Already on GitHub? Sign in to your account

Upgrade to RabbitMQ server 3.7 is broken #72

Closed
bgandon opened this issue Mar 29, 2018 · 5 comments
Closed

Upgrade to RabbitMQ server 3.7 is broken #72

bgandon opened this issue Mar 29, 2018 · 5 comments
Labels

Comments

@bgandon
Copy link
Contributor

bgandon commented Mar 29, 2018

Base issue

Here is the listing of /var/vcap/packages after an upgrade to the release v240.0.0:

# ls -l
total 32
lrwxrwxrwx 1 root root 73 Mar 14 22:17 bosh-dns -> /var/vcap/data/packages/bosh-dns/67b977dca6e9b86cad54af73c08150b34e99d309
lrwxrwxrwx 1 root root 71 Mar 14 22:17 erlang -> /var/vcap/data/packages/erlang/1c7771c7774d4c7c97a1ba9a666b5ad5fb45a0c2
lrwxrwxrwx 1 root root 78 Mar 14 22:17 node_exporter -> /var/vcap/data/packages/node_exporter/923a6fbd61d30904b8ff3da59fdba3e57fc2743a
lrwxrwxrwx 1 root root 80 Mar 14 22:17 rabbitmq-common -> /var/vcap/data/packages/rabbitmq-common/30344ae448f136ceda4ac0fb595d561674514d9f
lrwxrwxrwx 1 root root 80 Mar 14 22:17 rabbitmq-server -> /var/vcap/data/packages/rabbitmq-server/e2bba8e813a3677de354efdedca9da94e4d12cb9
lrwxrwxrwx 1 root root 84 Mar 28 16:11 rabbitmq-server-3.6 -> /var/vcap/data/packages/rabbitmq-server-3.6/ccf881b215c3493c2f215d4c51af19e585e8ddc9
lrwxrwxrwx 1 root root 84 Mar 28 16:11 rabbitmq-server-3.7 -> /var/vcap/data/packages/rabbitmq-server-3.7/9d526adf0dd98198e4a1d73ca00cd1002473ff27
lrwxrwxrwx 1 root root 93 Mar 28 16:11 rabbitmq-upgrade-preparation -> /var/vcap/data/packages/rabbitmq-upgrade-preparation/61fc96b42e4be83a9065284a00608be67eb0cba7

The rabbitmq-server link is pointing at the former package e2bba8e... from the deployment of previous version 238 of the Bosh Release. Here you need to know that Bosh keeps the previous packages around in order to speed up any subsequent rollback.
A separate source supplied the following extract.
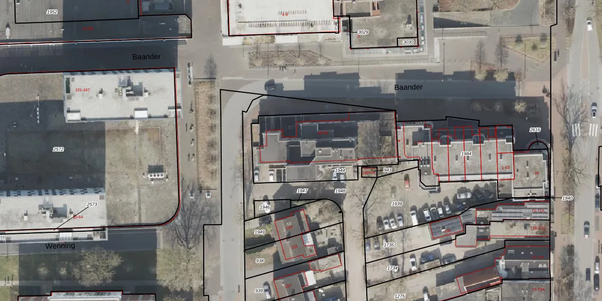 Het perceel waarop Baander 73 staat heeft een oppervlakte van 1008 m². Dit is een zeer groot perceel. De perceeloppervlakte wordt geregistreerd door het Kadaster. Gedetailleerde informatie over de maten van dit perceel kunt u vinden in het rapport Kadastrale kaart met maatvoering van Baander 73.

And here is what the configure_rmq_version() (from pre-start.nash template) has created:

# ls -l /var/vcap/packages/rabbitmq-server/rabbitmq-server* 
lrwxrwxrwx 1 root root 42 Mar 28 16:11 /var/vcap/packages/rabbitmq-server/rabbitmq-server-3.7 -> /var/vcap/packages/rabbitmq-server-3.7

In pre-start.bash, the use of ln without removing any pre-exiting /var/vcap/packages/rabbitmq-server (file or directory or link) is a classical tricky case:

configure_rmq_version() {
  ln -f -s /var/vcap/packages/rabbitmq-server-"$RMQ_SERVER_VERSION" /var/vcap/packages/rabbitmq-server
}

Instead, any existing /var/vcap/packages/rabbitmq-server link should be removed first, and the ln invocation should not need the -f flag.

Further upgrade issue(s)

I tried to fix the Bosh Release with this code:

 configure_rmq_version() {
  rm -rf /var/vcap/packages/rabbitmq-server
  ln -s /var/vcap/packages/rabbitmq-server-"$RMQ_SERVER_VERSION" /var/vcap/packages/rabbitmq-server
 }

But then I hit an issue when actually upgrading the cluster. The canary node in my deployment fails at starting rabbitmq-server job with the new RabbitMQ 3.7 binary.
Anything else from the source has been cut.